Бабка запрокинула голову, дерзко взглянула: под косматыми седыми бровями плескалась голубая лукавинка. Угадав шутку, отмахнулась:
– Ой, да ладно языком-то молотить! Шо с языка не свалишь, усё какую-нибудь пакость… Иди хош сяйчас! – и поплелась под раскрылившуюся жёлто-нарядную липу. Скинув одежонку, осталась в одном исподнем: пусть пчёлы покусают, может, болезнь-то и отпустит немного. Но они, как на грех, только ползали по дряблому телу – ни одна не тронула.
Солдатенчиха неподвижно сидела, слушая, как ноют ноги и суставы во всём теле, и бессмысленно следила за неторопливыми движениями старика. Чуть сутулясь и прихрамывая, он переступал большими, как тумбы, ножищами. В чёрной, местами отбелённой солнцем робе, бородатый, с напяленной на голову сеткой, Иван скорее смахивал на медведя, вставшего на дыбы и зорившего улья.
Вскоре Марья уже клевала носом. Солнечные лучики прокалывали старую кожу, и в размякшее тело вливалось ароматное тепло. Бабкино сердце обмирало от удовольствия, а душа проваливалась неизвестно куда.
– Бабуня! Баба Маша! – сквозь дрёму уловила Солдатенчиха до боли знакомый голос. Она вздрогнула белесыми бровями и враз разомкнула веки. Гулко затукало в висках и груди. Кое-как натянула одёжку и заковыляла на зов.
– Бабуня, я до тебя, – внучка Татьянка сверкнула чернющими глазами, осторожно обхватила бабку Марью за худенькие плечи.
– Осподи! Приехала… – и слёзы покатились по её ожившему лицу. – Проходи, унучэчка, в хату. Я табе молочка налью, хлеб мядком намажу, – будто запела она и ещё больше осветилась радостью.
Татьянка, тоненькая, в пышном голубом платьице, стукнула каблучками по некрашеному крылечку.
Марья отставила теперь не нужный ей костылёк. На деревянном столе, сплоченном дедом давным-давно, покрытом новенькой клеёнкой, довольно скоро появлялось угощение. Внучка внимательно следила за проворными бабушкиными руками, затем отвела взгляд на аккуратно белённую печь, на выскобленную дожелта лавку у печи, где рядком стояла кухонная утварь.
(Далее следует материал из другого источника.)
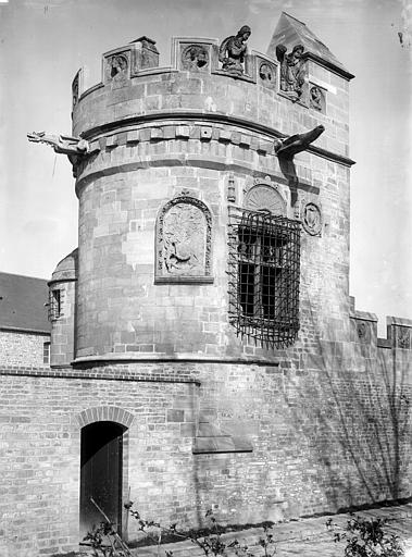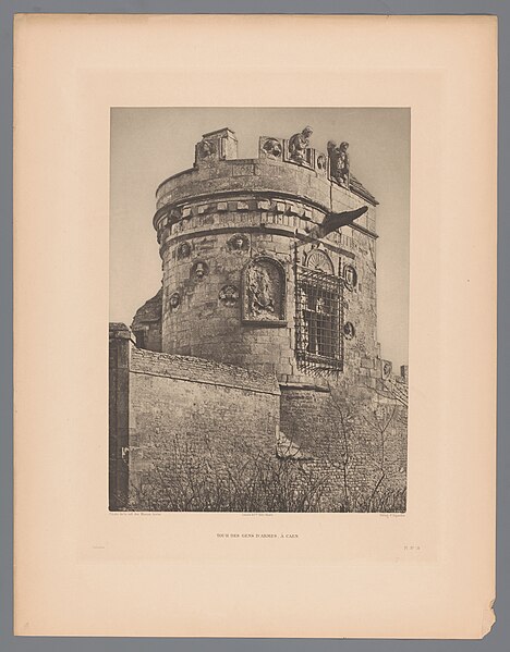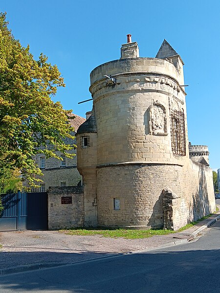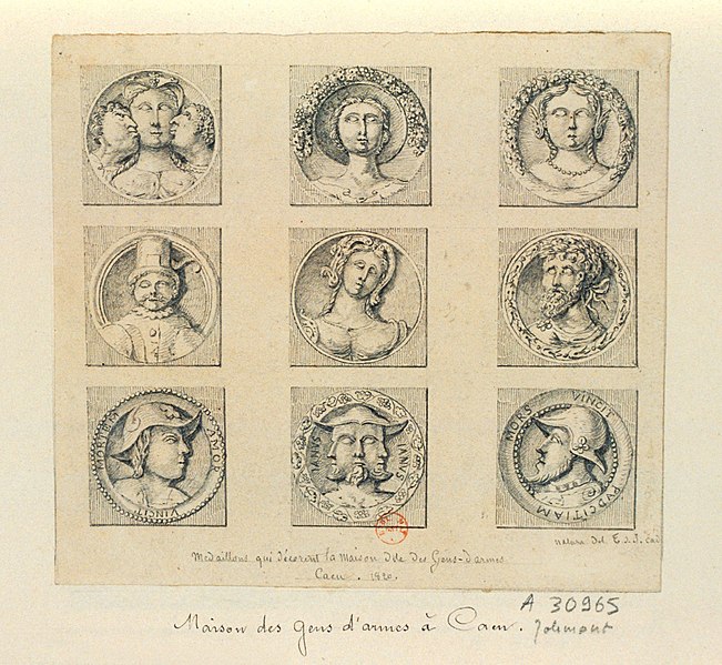 La Maison dite des Gens d'Armes, aussi appelée manoir de Nollent ou de la Talbotière, est un manoir de la première Renaissance construit en pierre de Caen et classé au titre des monuments historiques en 1862. Il se situe au nord de la rue Basse, dans la vallée de l'Orne, en contrebas de l'ancien village de Calix dépendant de Bourg-l'Abbesse ; à l'origine il se trouvait au nord d'un méandre de l'Orne avant la canalisation et, depuis le percement du canal de Caen à la mer, se trouve à proximité de celui-ci. Entouré d'un environnement largement rural jusqu'au milieu du XXe siècle, il a ensuite été intégré à l'espace urbain. Le domaine était connu au XIIIe siècle sous le nom de la Talbotière et appartenait à Alexandre de Couvre-chef, seigneur de Cresserons, qui y fit édifier un premier manoir. En 1436 il revient à Jean de Couvrechef ; en 1487 la terre et le manoir sont donnés en dot à Guillemine lors de son mariage avec Philippe de Nollent, seigneur de Saint-Contest et avocat du roi à Caen. Leur fils Gérard hérite et fait édifier un nouveau manoir qu'il place sous la devise « Amor vincit Mortem », la construction étant estimée entre le règne de Louis XII et le début de celui de François Ier selon l'abbé de la Rue. Gérard épouse ensuite Marguerite de Clinchamps ; en 1571 la demeure passe à Philippe de Nollent et à Michelle d'Harcourt, puis, en 1619, elle entre dans les possessions de François Le Révérend, sieur de Calix, puis de son frère Michel, sieur de Bougy, et demeure dans cette famille. Aux XVIIIe et XIXe siècles le manoir prend une vocation agricole : une ferme est installée sur l'emplacement du mur hémicycle du jardin clos et, en 1891, Eugène Liot décrit une porcherie, deux étables et un magasin, le jardin servant de basse-cour. Liot note que la maison d'habitation, réparée, conserve une tourelle carrée, une frise de feuillages et deux médaillons, tandis que certaines sculptures et une gargouille ont disparu. Classé en 1862, le manoir fait l'objet d'une restauration à la fin du XIXe siècle ; il abrite ensuite une cidrerie dans les années 1930. Après la Libération une cité d'urgence de baraquements est installée provisoirement dans le verger pour abriter des familles ; ces logements laissent place, dans les années 1970, à des immeubles collectifs construits à l'arrière du manoir. Les bâtiments sont partagés entre la Ville de Caen, pour la maison d'habitation, et l'État, ministère de la Culture, pour les tours et l'enceinte ; ces derniers ont accueilli les services régionaux chargés des antiquités et un dépôt lapidaire. Une campagne de restauration a lieu au début des années 1980, pendant laquelle les éléments sculptés très abîmés sont déposés pour conservation, puis le manoir est acquis au début des années 2000 par la Région de Normandie et affecté au Centre régional de culture ethnologique et technique ; il est enfin vendu à des particuliers le 4 novembre 2014. Selon le plan de François Bignon de 1672, l'ensemble comprenait à l'origine une enceinte fortifiée à quatre tours avec un mur nord en hémicycle et, au centre, le logis ; aujourd'hui subsistent les deux tours du sud reliées par une muraille et un logis remanié. La tour ouest, flanquée d'une tourelle côté cour, porte sur sa plate-forme deux statues d'hommes en armes en « attitude guerrière », figures qui ont donné au lieu son nom de Manoir des Gens d'Armes ; elle présente une grande fenêtre à chambranle encadrée d'un écusson non blasonné surmonté d'une salamandre, symbole de François Ier, et du reste de l'écusson des Nollent soutenu par deux griffons. Trois gargouilles ornaient sa partie haute ; au XIXe siècle il n'en subsistait qu'une, les autres ayant été rétablies lors de la restauration de la fin du siècle, puis protégées par des coffrets et finalement déposées en 2016 pour éviter leur chute. La tour est, plus petite, avait partiellement été effondrée puis restaurée ; elle était également ornée de statues et de gargouilles aujourd'hui déposées. Seul subsiste du système défensif le mur sud le long de la rue Basse, autrefois entièrement crénelé et orné de médaillons ; la plupart des créneaux ont été déposés lors de la restauration des années 1980, ne laissant que deux crénaux conservés. Le logis, reconstruit dans le style Louis XIII, abritait au premier étage une porte en bois du XVIe siècle richement sculptée de ceps de vigne et de feuillages, porte transférée au musée de la Maison de la Reine Bérengère. Le manoir possédait au total trente-sept médaillons — quatorze sur la courtine, quinze sur la tour ouest et huit sur le logis — encadrés en chapeau de triomphe ; ils représentent hommes et femmes, parfois antiques, et portent des légendes dont certaines rapprochées des Triomphes de Pétrarque, comme PUDICICIA VINCIT AMOREM, AMOR VINCIT MORTEM et MORS VINCIT PUDICICIAM. Ces médaillons ont été interprétés tantôt comme une allégorie amoureuse, tantôt comme des figures d'empereurs ou de personnages historiques ; plusieurs pièces portent des inscriptions controversées, notamment un médaillon lu « C'EST MA DORICHE ET AMIE » par Arcisse de Caumont et contesté par d'autres auteurs, et un personnage tricéphale légendé IANUS. Après des remaniements et réemplois au XIXe siècle, une restauration postérieure au classement a permis de remettre en place de nombreux médaillons ; des moulages de neuf d'entre eux furent réalisés pour le musée de la Sculpture comparée et figurent aujourd'hui à la Cité de l'architecture et du patrimoine, tandis qu'une grande partie des pièces endommagées a été déposée dans la collection lapidaire du musée de Normandie. Le manoir a par ailleurs inspiré plusieurs artistes et graveurs aux XIXe et début du XXe siècle.

– Ох, употела вся… Пойду ополоснусь, – откинув узенькой ладошкой чёрные колечки со лба, Татьянка обтёрла усталое лицо.
Вернулась освежённая, участливо спросила, заглядывая в покрасневшие глаза:
– Как здоровье-то, бабунь?
– Ой, да якое наше здоровье? – вздохнула та. – Ты ешь, милушка, ешь.
Налюбовавшись, как красиво Татьянка ест, Марья затеребила фартук дрожащими костлявыми пальцами и, потупив взор, вдруг насмелилась:
– Надолго ли, унучэчка?
– Да погляжу ещё. У меня ведь отпуск-то большой, – и сама, пряча глаза, вскочила, чтобы заняться посудой.
Бабка словно враз помолодела. А гостья вынула из чемоданчика искрящийся комочек и мгновенно, как фокусница, превратила его в японскую с люрексом косынку и подала в чёрные бабушкины руки.